APAC organizations are facing mounting pressure to embrace bold generative AI strategies, prioritizing investments in areas like natural language processing and computer vision – the region’s AI investment is projected to explode fivefold, reaching US$117 billion by 2030. However, the successful deployment and operation of AI systems hinge significantly on the underlying infrastructure, which is often the least understood but most crucial component of an AI stack.

An AMD-commissioned Vanguard Report reveals that infrastructure is one of the toughest challenges for IT oversight – 61 percent of survey respondents cited infrastructure limitations as barriers for organizations from retraining models in production as frequently as desired, making it the most commonly identified factor contributing to AI project abandonment. The immense pressure on IT managers today as they navigate and address differing considerations from various stakeholders is compounded by the demand for more enterprise applications. Everything from traditional online transaction processing systems to highly interactive cloud-native applications is processing more data and demanding more CPU compute power.

AI adoption across an organization requires a collaborative and holistic approach to planning –the key focus should be on infrastructure suitability and whether upgrades offer a worthwhile return on investment.

Why AI needs to be on the table

AI does not comprise a single workload or use case; it encompasses a range of tasks, from routine inferencing to complex, data-intensive model training. It has become a vital tool for many organizations across industries and redefine operations through enriching decision-making, improving customer experiences, enabling new product development, and bolstering risk management.

This wide range of AI applications calls for varying infrastructure setups, making it essential for enterprise architecture teams to adopt a balanced approach that is customized for a specific purpose.

Our survey found a median of 125 models in use and more than a petabyte of data required to train those models in aggregate – and most expect workload requirements to increase. In this environment of AI workload expansion, infrastructure is emerging as a critical bottleneck.

Infrastructure is crucial for successful AI implementation

Essential ingredients for supporting AI include high-powered computing, efficient data handling, and reliable networking. But not every AI workload demands the same level of resources. Oftentimes, general-purpose processors (CPUs) can manage smaller AI workloads, while more specialized applications – like large-scale training models – require advanced accelerators (e.g., GPUs).

As AI workloads continue to proliferate, businesses need to emphasize the need for cost-effective infrastructure strategies given the substantial amount of energy used by data centers operating AI workloads. Enterprise architecture teams should select energy-efficient processors, invest in cooling solutions, and implement sustainable practices to help manage operational costs.

A robust AI infrastructure needs visibility into compute, storage, and networking resources. I&O teams will have to be responsible for equipping data centers with observability tools to help the business understand usage patterns and help ensure the infrastructure can scale as AI demands grow.

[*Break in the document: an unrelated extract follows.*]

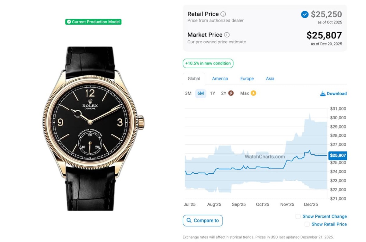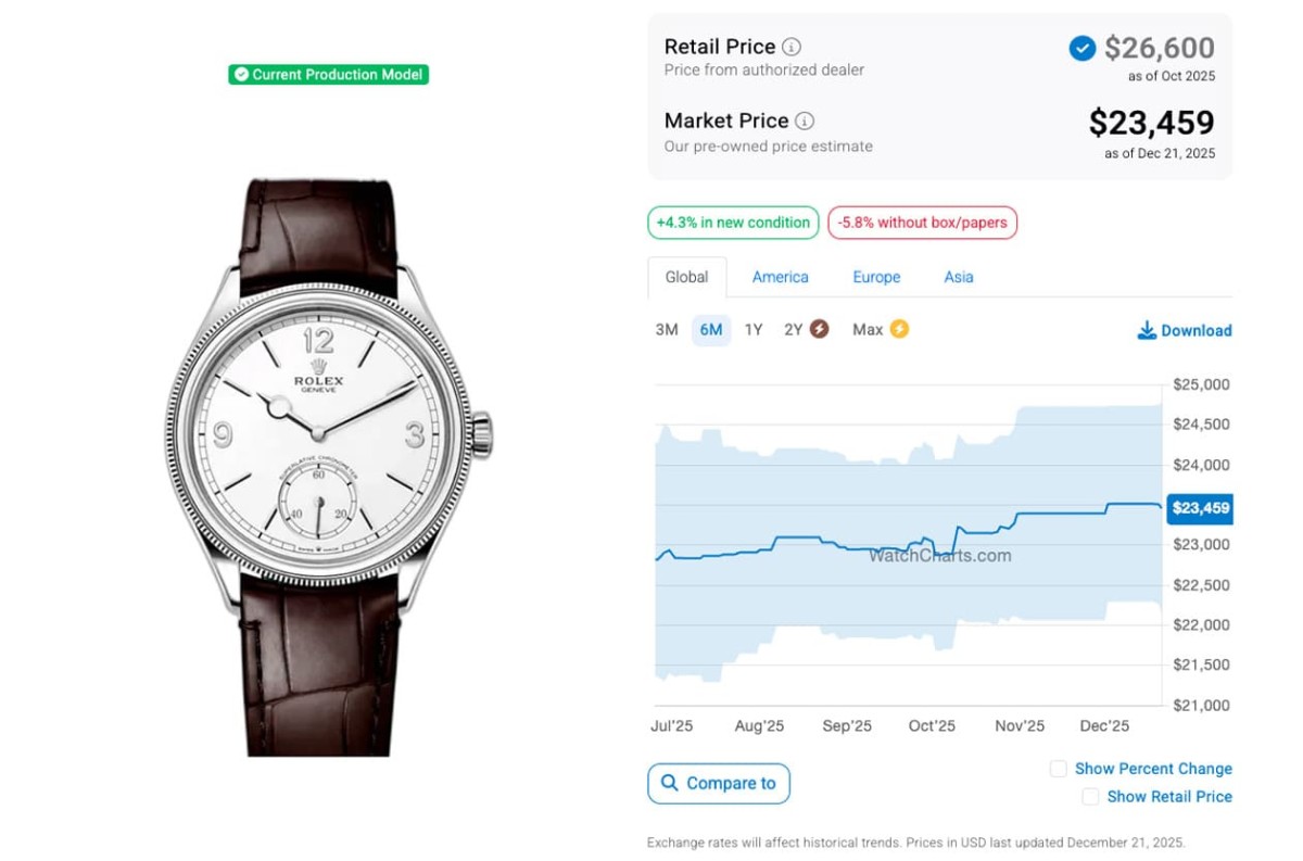 根据高级手表市场调查研究机构WatchCharts的资料,1908系列的发展似乎慢慢走上Cellini系列的旧路,因为在2025年6月时,当时黄金材质的52508二级市场价格约为24,057美金(约合台币76万)、白金材质的52509行情则是22,820美金(约合台币72万),至于铂金材质行情还很惊人有55,858美金(约合台币176万3)这麼高,先出的两款当时都已跌破定价,主要因为那时候1908系列已经不算新,至于晚一年出道的铂金冰蓝面还在享受蜜月期的红利,溢价率是此系列的标竿;又过了半年后的现在,若对照劳力士其他热门表的情况而言,1908系列的行情应该也是持续往下走才是。

The cornerstones of an AI-ready infrastructure

Enterprises should take a pragmatic approach to creating an infrastructure environment that fits the evolving needs of their AI workloads by considering the following three-pillar framework designed to enhance data center efficiency and performance without the need for extensive new infrastructure:

  1. Modernize: Replace outdated servers with newer, more efficient systems to maximize space and energy savings. For instance, the new “Zen 5” core architecture, provides up to 17% better instructions per clock (IPC) for enterprise and cloud workloads and up to 37% higher IPC in AI and high-performance computing (HPC) compared to “Zen 4.”
  2. Utilize a hybrid cloud strategy: For workloads that vary in intensity and scale, virtualized and containerized environments provide a flexible solution. By leveraging both private and hybrid cloud strategies, enterprises can scale AI applications while avoiding unnecessary resource allocation.
  3. Invest in balanced accelerator resources: Organisations should right-size their investments in coprocessors (GPUs) to match specific workload needs. Pairing accelerators with capable CPUs helps ensure maximum performance without breaking the bank.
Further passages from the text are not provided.